##### Extracted entries #####

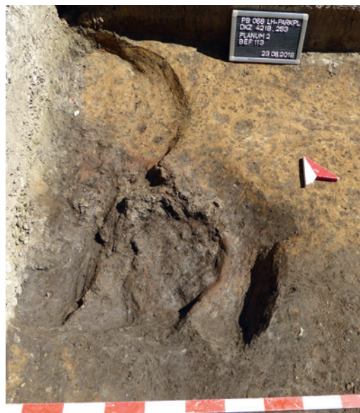
Abb. 2 Eine schlichte Ofenanlage zur Metallverarbeitung aus dem 12./13. Jahrhundert (Foto: LWL-Archäologie für Westfalen/E. Manz).

in Verlängerung der Königsstraße von der Kisau nach Norden und erschloss die hinteren Grundstücksbereiche bis hin zur Pader. Dass im 12. und 13. Jahrhundert nahe dem Neu-
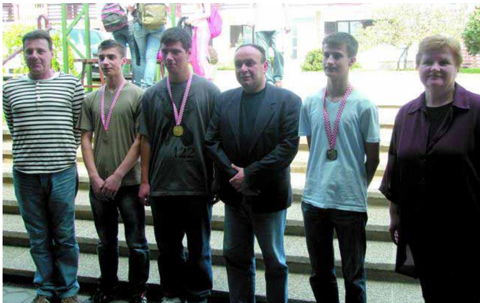
Trojica najuspješnijih učenika i njihovi mentori
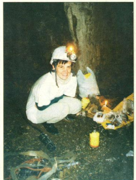
„Urvė lyg išsivalai, geriau pažįsti save. Ten turi vienintelį tikslą – išgyventi.“

Mergaitė labai mėgsta laipioti durų stalakte įtaisais specialiais kabliais.
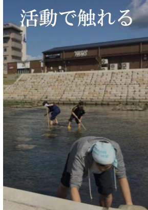
キャッセン・薬〜ストバスターズ
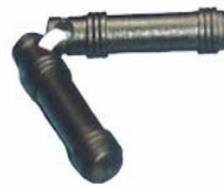
TPI 用スペア トランスポンダ
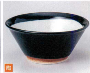
329-404-330 1,700円 天目中白 6.0駒型井(20×9.1) 830810333
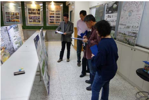
最後獲獎名單與名次討論
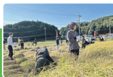
酒米の稲刈り体験(萩市)
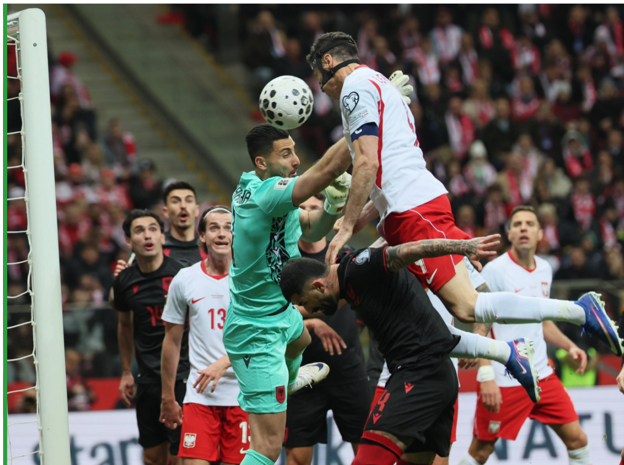
W takich okolicznościach Robert Lewandowski doprowadził wczoraj do wyrównania.
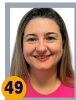
49 CRIS DO RH 647 VOTOS
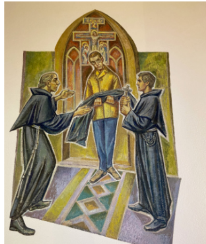
... wstępuje do zakonu.
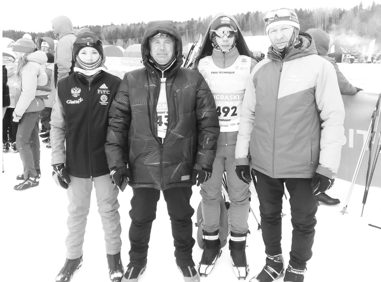
В Югорском марафоне участвуют юные и опытные бердюжские спортсмены
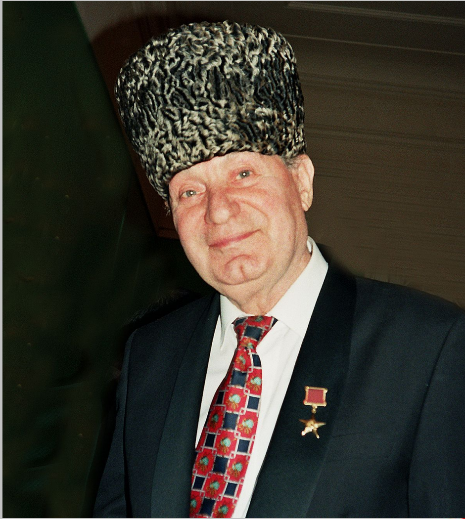
Махмуд Эсамбаев (1924 – 2000 гг.) – артист балета
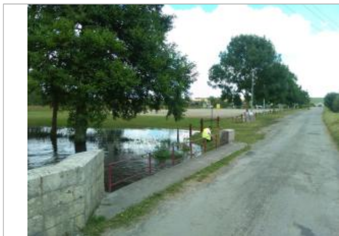
Vue du repère, le 24/06/2024, SPC LACI

SOURCE DE REPÉRAGE : SPC LACI, L'ARNON, CRUE DU 24 JUIN 2024 - 24/06/2024
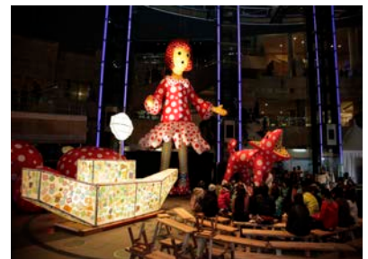
草間彌生《愛はとこしえ、未来は私のもの!》

#####

### Exercise
If a line of the records above holds the word "LACI", show it.

### Answer space
Vue du repère, le 24/06/2024, SPC LACI
SOURCE DE REPÉRAGE : SPC LACI, L'ARNON, CRUE DU 24 JUIN 2024 - 24/06/2024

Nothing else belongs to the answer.